Решающий, определяющий всё направленье эпохи конфликт. Этот конфликт новой власти предстоит разрешить. И как же его разрешает новая власть? Новая власть решает интеллигентных людей подавить, устрашить и, если понадобится, то истребить. Интеллигентным людям война объявляется не на жизнь, а на смерть: либо в тюрьмах сгинете, с голоду перемрёте, либо покоритесь вооружённой руке.

Первым делом интеллигентным людям не дают говорить. Отменяется прежняя свобода печати, когда все запасы бумаги и всё типографское дело находились в частных руках. Объявляется новая, более полная свобода печати, когда все запасы бумаги и всё типографское дело поступают под строжайший контроль новой власти.

Благодаря этому новшеству на помощь слухам приходят газеты, окрылённые новой свободой печати, и тут уже волосы дыбом встают, не держит несчастные волосы никакой бриолин. Газеты, попавшие под строжайший контроль новой власти, именуют интеллигентных людей не иначе, как прихлебателями, слякотью и чёрт знает чем. Газеты призывают очистить русскую землю от насекомых и паразитов, разумеется, вредных, в первую голову от тунеядцев и саботажников, которые себя называют интеллигентами, то есть предлагается поскорее избавиться от инженеров, агрономов, экономистов, статистиков, профессоров, литераторов, учителей и врачей, для чего надлежит использовать карцер, принудительные работы, унизительный жёлтый билет, вообще всё, что взбредёт в революционную голову, осенённую, вместо разума, революционным чутьём.
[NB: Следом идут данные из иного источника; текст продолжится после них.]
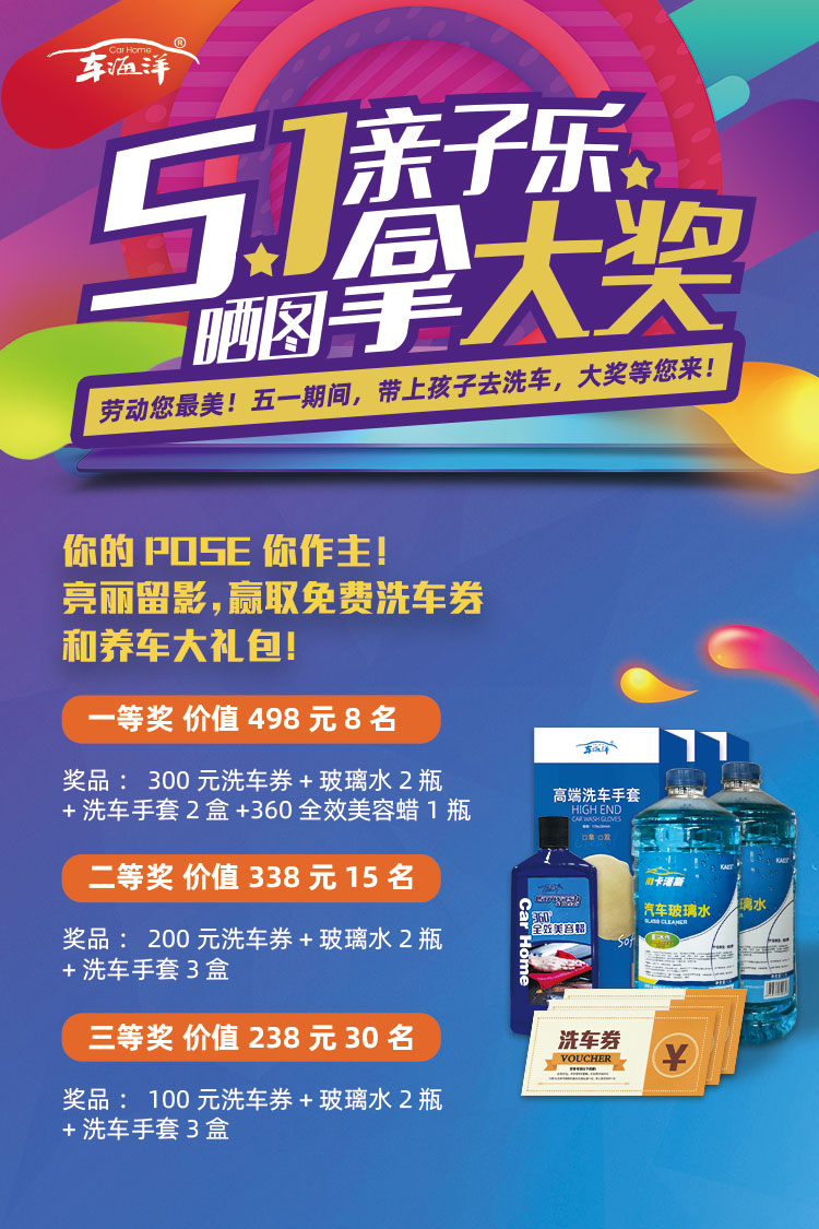 五一假期,带上家人来车海洋洗车吧!车海洋全国站点在五一期间,举办“5.1亲子乐 晒图拿大奖”回馈活动,拍下亲情,拍下幸福,拍出创意,拍出温馨,把大奖拿回家!

Начинать же следует с патриарха, непременно с него, чтобы, так сказать, вышибить дух, духовную опору у интеллигентного человека отнять, который с духовной опорой сильней Геркулеса, а без духовной опоры пигмей. Что ж удивляться, что спустя самое короткое время патриарх попадает в ЧК.

Итак, истребление русской интеллигенции предрешено.

И Михаил Афанасьевич чувствует каждый день, каждый час в своей тихой Вязьме, что занесён над ним нож и что в любую минуту этот нож вонзится в самое сердце, распорет живот. Много ли надо для тех, у кого на месте разума и закона чутьё? Ничего им не надо. Он бреется каждое утро бритвой “Жиллет”, у него превосходный пробор в волосах. Как не шлёпнуть такого субъекта, саботажника и тунеядца, даже если саботажник и тунеядец целыми днями в уездной больнице торчит? За больницу и шлепнут в первую голову, если в больнице кто-нибудь ненароком помрёт. Сколько раз и в благословенные времена мира, законности и тишины слышал он у себя за спиной краткое обращенье: “Убью!”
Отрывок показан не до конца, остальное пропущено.